Pure rhyme is the latest formal constraint I've taken on. The sense such a pursuit makes to me is that rhyme is at the heart of what moves me about musical theatre. 
So I'm going to stay true to it.
PS: Stephen Sondheim speaks also of trick rhyme: like his "personable/coercin' a bull" in "You Could Drive a Person Crazy" from Company. Use sparingly, he reminds us. And only if it fits the character.

Tuesday 10 October 2017

Today the Musical, Part Eight

Today I sat down with The Great Broadway Fake Book. (I pause to tell this story: years ago--50 of them--my friend Terry turned me on to jazz. (I should also credit my sister Fay and her Ray Charles collection, and even dad's big band LP by, a band whose name I can't remember--the Elgar brothers, or something. That band was usually pitched as mellow, but they could really swing when they let it go.) Terry was into the hardest contemporary jazz--Coltrane, Ornette, later Miles and, my fav, the Jones-Lewis big band which was a powerhouse for a few years into the 70s. He was clear by the time we all finished high school that he'd be a jazz musician, which he became. And he used to talk about fake books, or fakebooks, of well-known tunes represented by only title, composer and lyricist, lyrics, melody, time signature, tempo term, and chords. Often they seemed cobbled together from different photocopiers or sheet music scores. Plastic spiral binding. 
I don't know why they're called that. Maybe because if you have the melody and the changes, you can fake the rest.)
Anyway, this afternoon I sat down, at the piano, with the fakebook of Broadway tunes and worked through four or five pages, maybe half a dozen songs, in an hour. I can read music; I know how to play chords. I'm clumsy as hell as a piano player, though. I'll have to practice before I can perform songs, accompanied by myself at the piano. 
I tell you, it's like magic. Play a Richard Rodgers tune from Allegro, you'll hear it as simple, and perhaps (lyrics by Hammerstein) sentimental, but then you're at the end of the song feeling as if you've learned from it. 
That's what I'm after: why this is so.

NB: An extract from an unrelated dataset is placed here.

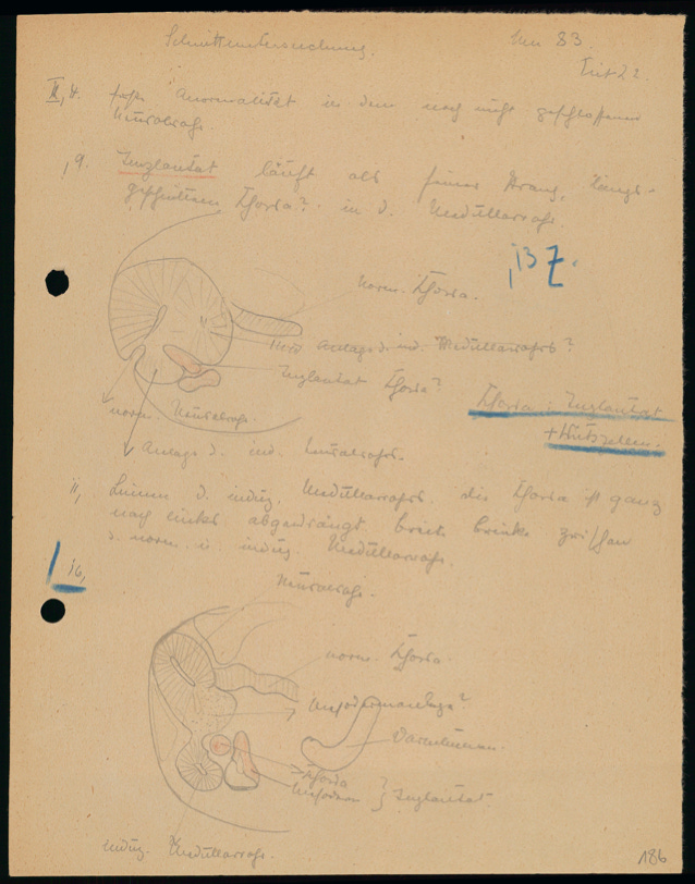 Pröscholdt carefully dissected these embryos and made a series of contrast stainings of thin cross-sections and detailed hand drawings based on them. This allowed her to follow the fates of both host and graft tissues at the cellular level, thanks to their distinct pigmentation.

Why I'm so moved.

Wednesday 4 October 2017

Today, the Musical, Part Seven

I think I've figured out how to get Patty, as I'm calling her for now, to get from the vestibule of her apartment building, where she's locked out and buzzing strangers to let her in, to the series of scenes in which we all get to know these strangers. Once the big oak front door opens, which it does after a cacophony (perhaps fugue) of "No" and "bugger off" and "oh yeah? You should hear my problems," Patty does her hallway dance, sometimes chanting a simple verse about "this is how I move" this is where I step," sometimes walking silently. These serve as transitions from one scene to the next. Her chant will have to remind us what progress is being made in these scenes.

Friday 22 September 2017

Today, the Musical, Part Six

Noodling with melodies and music-notation software. I have a ways to go with both.
In the meantime, back to Sunday in the Park With George. One of Stephen Sondheim's basic principles is that Form follows Content. (I hear you, Black Mountain poets: form is an extension of content.) This applies to his melodies. Instead of composing a tune and chord structure and verse/chorus structure and finding the words to fit, he would find the melody to fit the words, even if chorus/verse regularity is not available. The songs are about the character, not about the composer's clever ideas.
The same is true of rhyme. SS is a stickler for pure rhyme, but that doesn't mean abab, for example. He might go aba-cdcd- and then pick up that resolving b
That principle--Form follows Content--gives us songs in which a character develops, which allows an artist like Bernadette Peters to give everything to the moment she's playing. 

Tuesday 19 September 2017

Today, the Musical, Part Five

I'm directing anyone who wonders why I have been swept away by musical theatre to find a clip of Bernadette Peters singing "Children and Art," from Sunday in the Park With George. Preferably the whole show, available on DVD, but if only one song, make it this one.
There is no turning back from work this good. 
I'm afraid to play the thing again for fear I'll vanish into a puddle of tears or forget who I am or something. 
At first, when asked to explain what moves me about musical theatre, I would babble about the necessary suspension of disbelief being so freeing, so open, so powerful. Something about "it must be the fact of music, which in some form every human being knows." 
"Children and Art" gets beyond all that. To see and hear Peters, playing a ninety-eight-year-old grandmother in a wheel chair, singing of what came before in the world and what will be left, as her grand-son kneels, holding her hand . . . in Peters' gorgeous soprano that has aged so well . . . and with her comic genius always at hand . . .
And I haven't mentioned Mandy Patinkin, the grand-son, who is superb, or the first act of the play, in which MP plays the painter Georges Seurat, and BP a figure in Seurat's famous A Sunday Afternoon on the Island of La Grand Jatte. 
Give this song a listen somehow. And while you're at it, catch a clip of Patinkin doing "The Day Off (Dog Song)" from the same show.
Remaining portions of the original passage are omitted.